# [Task brief]
Only the lines below from the one containing "Genseren har rund" through the last line should be set down, exactly as written and with no pictures.

# [Data shown]
* * *
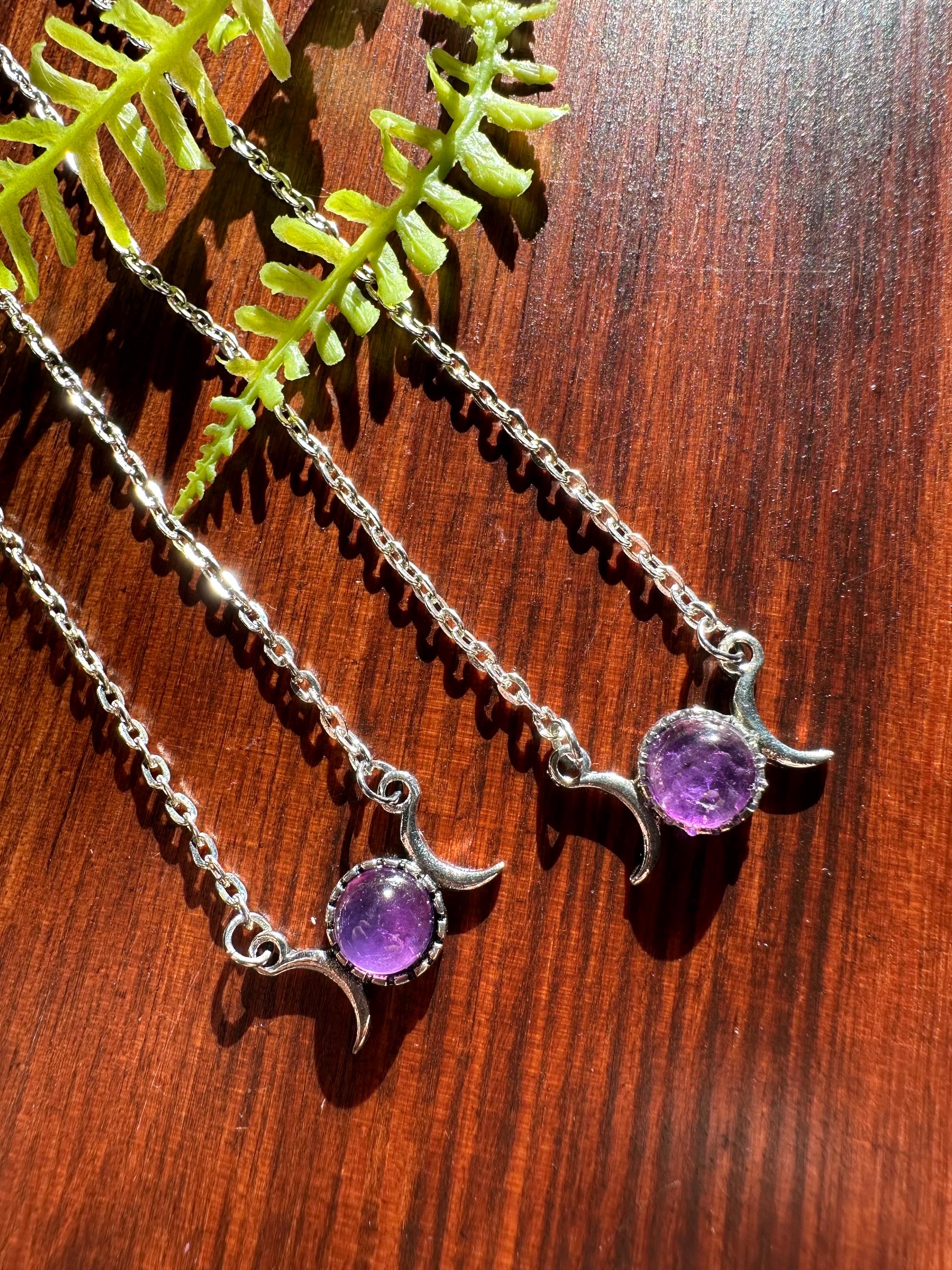 This listing is for one individual necklace. You will receive one of the two that are displayed in the listed photos. The necklace is roughly 19 inches long and the amethyst center stone is roughly 8mm.
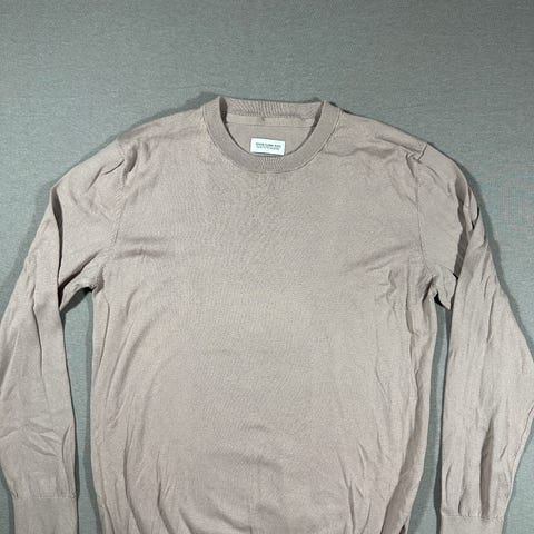 Genseren har rund hals og er designet for menn.
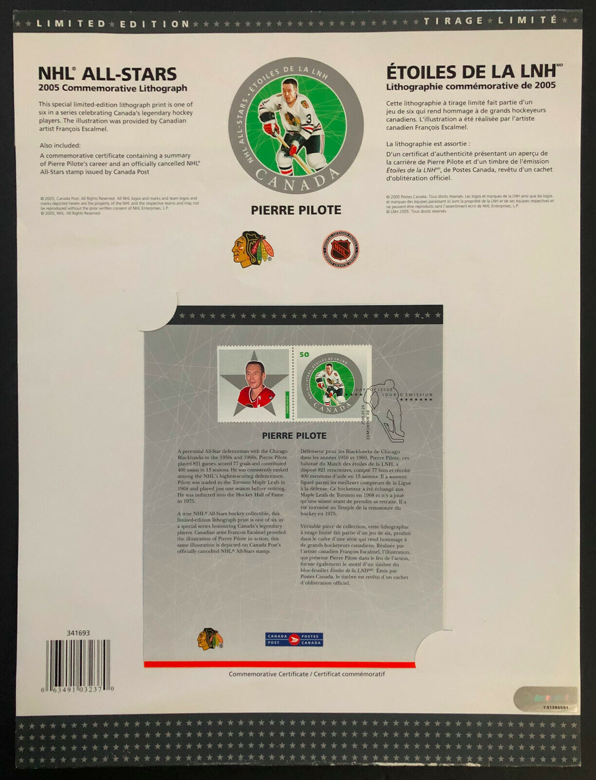 - 2005 Pierre Pilote autographed Canada Post stamp set with HOF 75 inscription
* * *
# [Response box]
 Genseren har rund hals og er designet for menn.
 - 2005 Pierre Pilote autographed Canada Post stamp set with HOF 75 inscription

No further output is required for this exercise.